In most cases, up-regulation of Bcl2 and/or Bcl-X_L is not sufficient for tumor expansion in vivo, and leukemia may result when Bcl2 and/or Bcl-X_L cooperate with other oncogenes, such asc-Myc or Ras.55,56 Interestingly, HTLV-I Tax has been shown to increase expression ofc-Myc,57 which correlates with an increased neoplastic potential of HTLV-I Tax in transgenic mice.58 In addition, it has also been demonstrated that HTLV-I Tax cooperates withRas in fibroblast transformation in vitro.59 60Further studies are needed to determine whether HTLV-II Tax is also able to increase expression and/or cooperate with these oncogenes.

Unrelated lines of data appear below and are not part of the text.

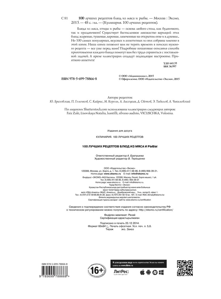 100 лучших рецептов блюд из мяса и рыбыВ данный момент этот товар отсутствует в продаже. Возможно, у нас найдется аналогичный или похожий товар здесь. Серия: Кулинария. 100 лучших рецептов Блюда из мяса, птицы и рыбы - основа любого стола, как будничного, так и праздничного! Существует бесчисленное множество вариаций этих блюд: жареные, тушеные, вареные, запеченные на открытом огне и в духовке. Но 100 самых популярных, вкусных и аппетитных из них собраны именно в этой книге. Наша книга позволит вам не терять времени в поисках нужного рецепта - все уже перед вами! Подробные пошаговые описания способа приготовления каждого блюда помогут вам без труда справиться с поставленной задачей. А яркие иллюстрации создадут подходящее настроение. Приятного аппетита! |
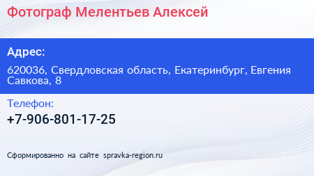 Фотограф Мелентьев Алексей по адресу 620036, Свердловская область, Екатеринбург, Евгения Савкова, 8 в дальнейшем Организация, размещена в следующих категориях:
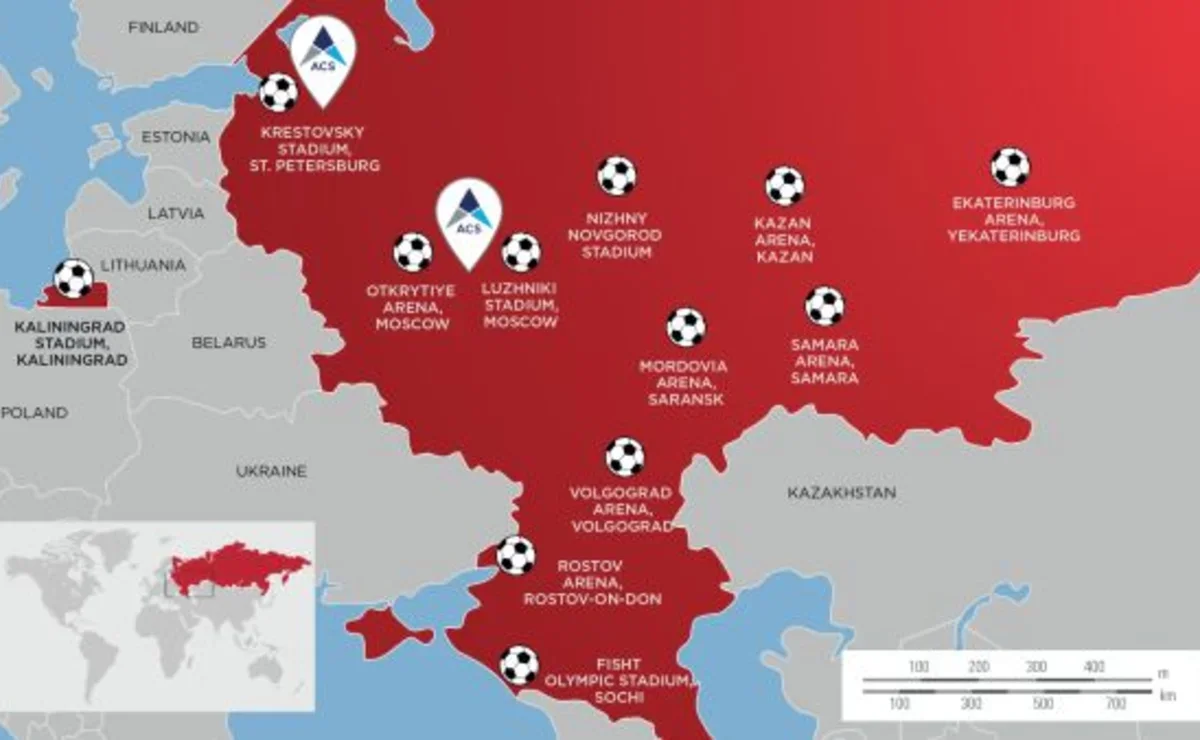 Маршрутная сеть регулярных авиарейсов между городами-организаторами Чемпионата мира по футболу 2018 года |
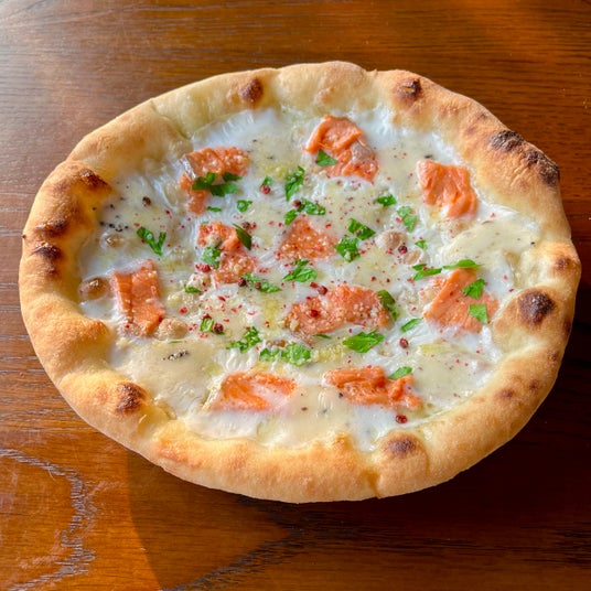トリュフの豊かな香りとスモークサーモンのまろやかな味わいが絶妙に調和し、濃厚なチャウダーソースがピッツァにコクを加えます。トリュフジャックチーズがその一層のリッチさを引き立てる贅沢な一品です。
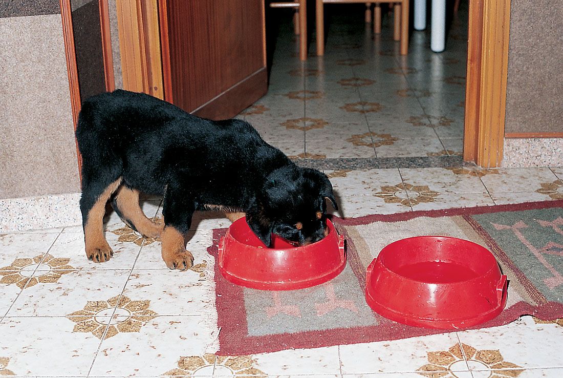 El bocado que le ofrecimos al llegar a casa era sólo una forma de hacer que se sintiera en casa, y ahora ya tendrá hambre de verdad. Le prepararemos la comida que nos ha proporcionado el criador en la cantidad que nos haya aconsejado. Puede ocurrir que por culpa de la nueva situación rechace la comida. No habrá que preocuparse, al cabo de unos minutos le retiraremos la comida y no nos ocuparemos más de su alimentación hasta el día siguiente: entonces tendrá hambre y superará así la tristeza de la separación.
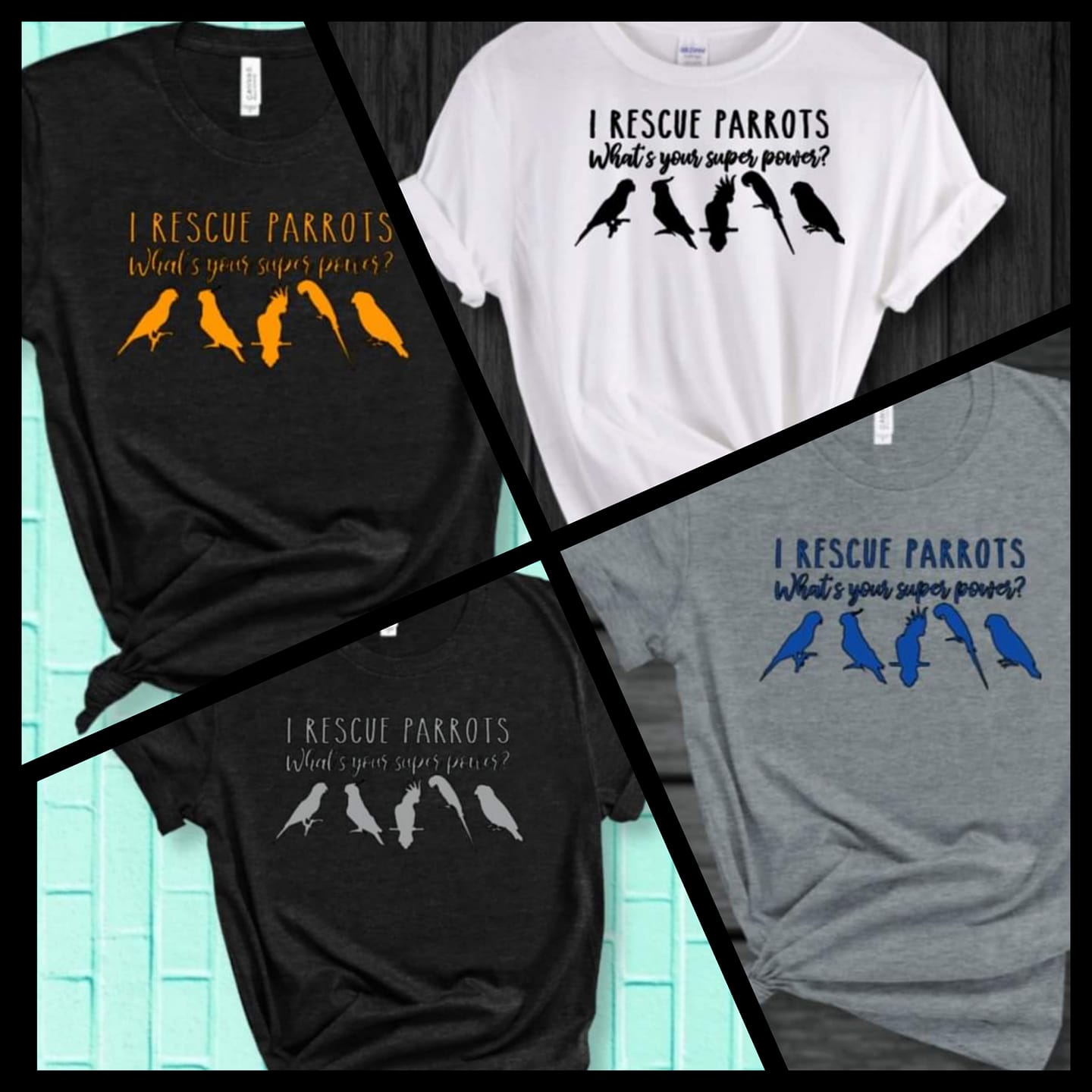***This shirt will have Furever Feathers Parrot Rescue on the sleeve for the tee and across the back for the hoodies

The finding that ex vivo ATLL cells from HTLV-I–infected patients also have higher levels of Bcl-X_L expression than PBMCs from uninfected donors validates the observations made in HTLV-I–infected T cells in vitro. In the case of HTLV-II, however, it is unfeasible to validate in vitro observations because very few HTLV-II–infected cells are present in the blood of HTLV-II–infected individuals. Bcl-X_L also increases the mutagenesis rate61and promotes resistance of tumor cells to chemotherapy or radiotherapy.62 63 As a result, Bcl-X_L may increase the survival of infected T cells with consequent accumulation of genetic mutations that may predispose HTLV-I–infected individuals to the development of ATLL. In addition, it is tempting to speculate that the reduced activity of Tax2 on the Bcl-X_L promoter may be associated with a lower long-term survival of HTLV-II–infected cells in vivo and, consequently, a reduced probability to develop leukemia.